Prediction of Bayesian Intervals for Tropical Storms
This work addresses the need for more actionable storm predictions to aid cities and lives, but it is incremental as it builds on existing RNN methods for hurricane trajectory prediction.
The paper tackles the problem of predicting tropical storm trajectories by extending recurrent neural networks to output Bayesian intervals, not just point estimates, using dropout to improve actionability for evacuation planning. Results demonstrate how dropout values affect predictions and intervals, though no concrete numerical improvements are provided.

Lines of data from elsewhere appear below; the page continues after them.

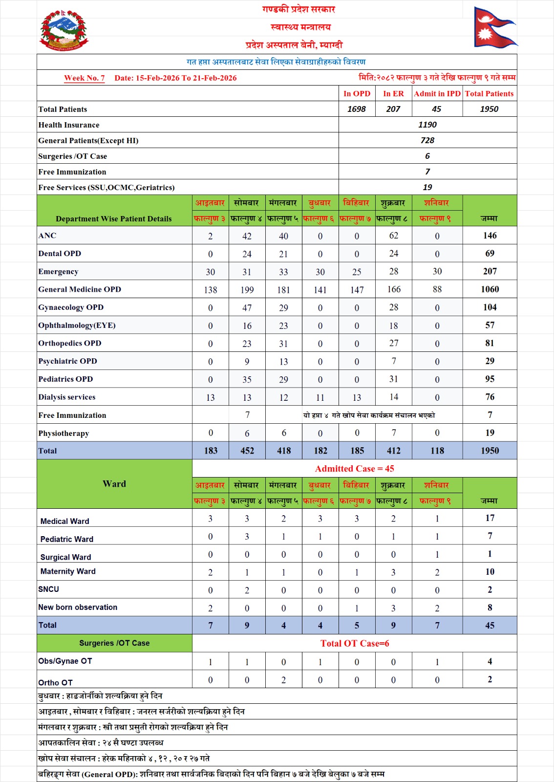 प्रदेश अस्पताल, बेनी, म्याग्दीबाट मिति २०८२ फाल्गुण ०३ गते देखि २०८२ फाल्गुण ०९ गतेसम्म सेवा लिने सेवाग्राहीहरूको विवरण।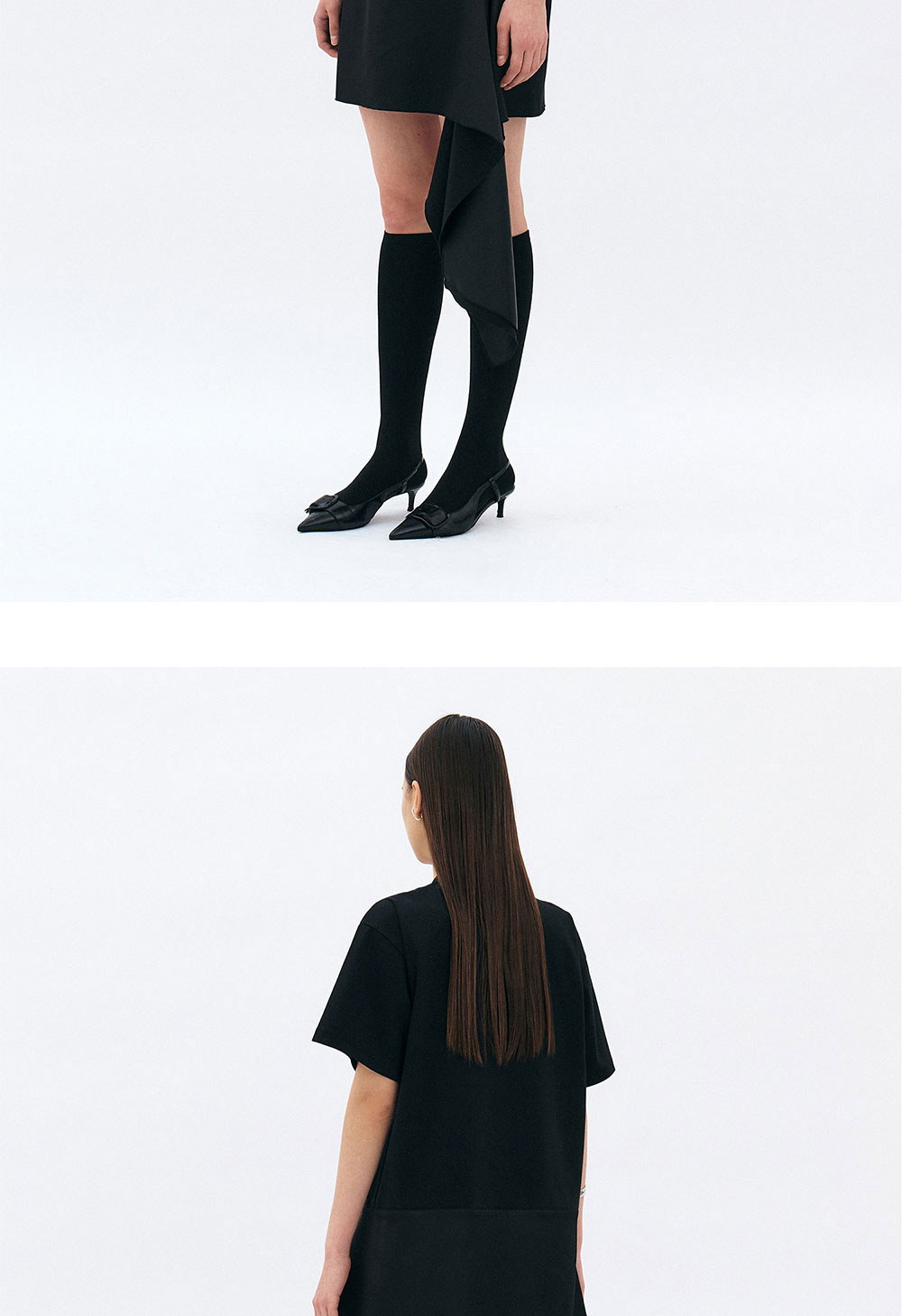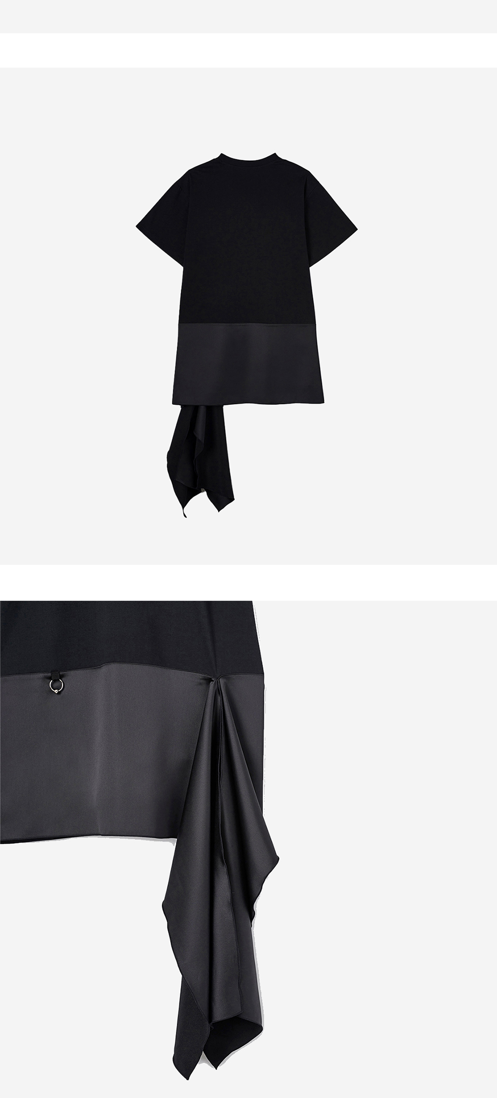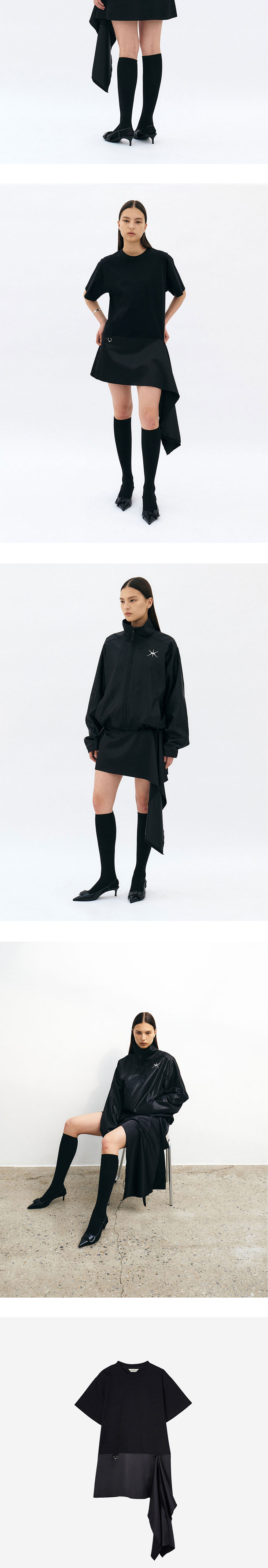 티셔츠와 스커트가 연결된 구조의 드레스입니다. 몸판은 면 혼방 원단, 스커트는 사틴 원단으로 대비되는 텍스처감이 균형감을 더하여 윤세만의 아름다움을 표현합니다. 앞 판 피어싱 포인트로 시크함을 더하였으며, 스커트에 길게 내려오는 패널이 캐주얼한 동시에 페미닌함을 연출합니다.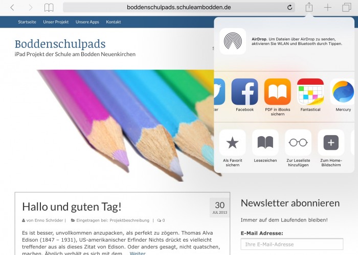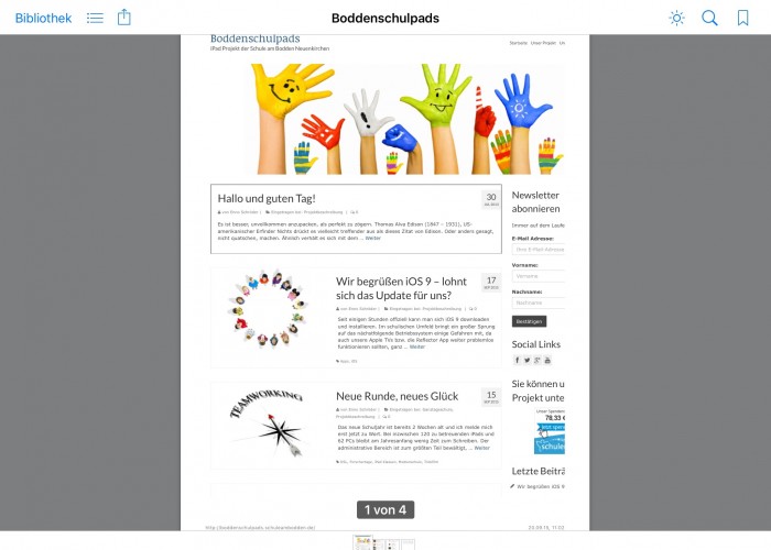 Auf meinem Air 2 macht sich auf jeden Fall Splitview als Neuerung positiv bemerkbar. Sicher ist das kommende iPad Pro aufgrund der Bildschirmgröße prädestinierte für den parallelen Betrieb zweier Apps, brauchbar ist diese Funktion für mich aber durchaus, da ich oft mit 2 Anwendungen gleichzeitig arbeite. Eine sinnvolle Neuerung, die freilich nur Kollegen mit einem iPad Air 2 nutzen können. Den Schülern bleibt dies aufgrund der Hardwarevoraussetzungen auf ihren iPads vorenthalten. Dafür ist eine weitere Neuerung interessant. Ab sofort kann jeder Anwender ohne Zusatz-App ein Pdf-Dokument aus Safari heraus erstellen. Dies ist für die Recherche im Internet oftmals sinnvoll, da man sich in iBooks mehrere Dokumente unter einer Rubrik zusammenstellen kann. Gleichzeitig ist bei umfangreicheren Arbeiten z.B. unseren Jahresarbeiten das Anlegen eines Quellenarchivs möglich.
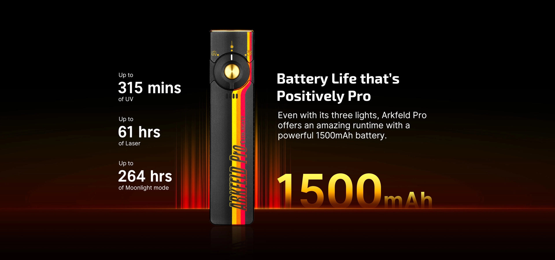 More Capacity, More Runtime: The Pro edition is supported by 1500mAh Lithium Polymer Battery, increased 42.9% from previous Arkfeld, max runtime of 11 days with five-level indicator, kicking your power anxiety out.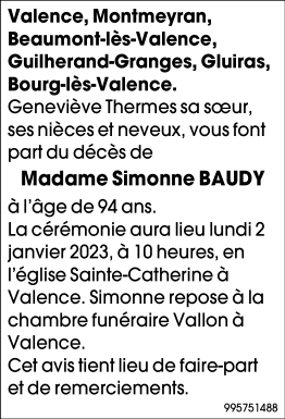 Died in Valence (26000) on 28 December 2022 at the age of 94 years

Building on recent research for prediction of hurricane trajectories using recurrent neural networks (RNNs), we have developed improved methods and generalized the approach to predict Bayesian intervals in addition to simple point estimates. Tropical storms are capable of causing severe damage, so accurately predicting their trajectories can bring significant benefits to cities and lives, especially as they grow more intense due to climate change effects. By implementing the Bayesian interval using dropout in an RNN, we improve the actionability of the predictions, for example by estimating the areas to evacuate in the landfall region. We used an RNN to predict the trajectory of the storms at 6-hour intervals. We used latitude, longitude, windspeed, and pressure features from a Statistical Hurricane Intensity Prediction Scheme (SHIPS) dataset of about 500 tropical storms in the Atlantic Ocean. Our results show how neural network dropout values affect predictions and intervals.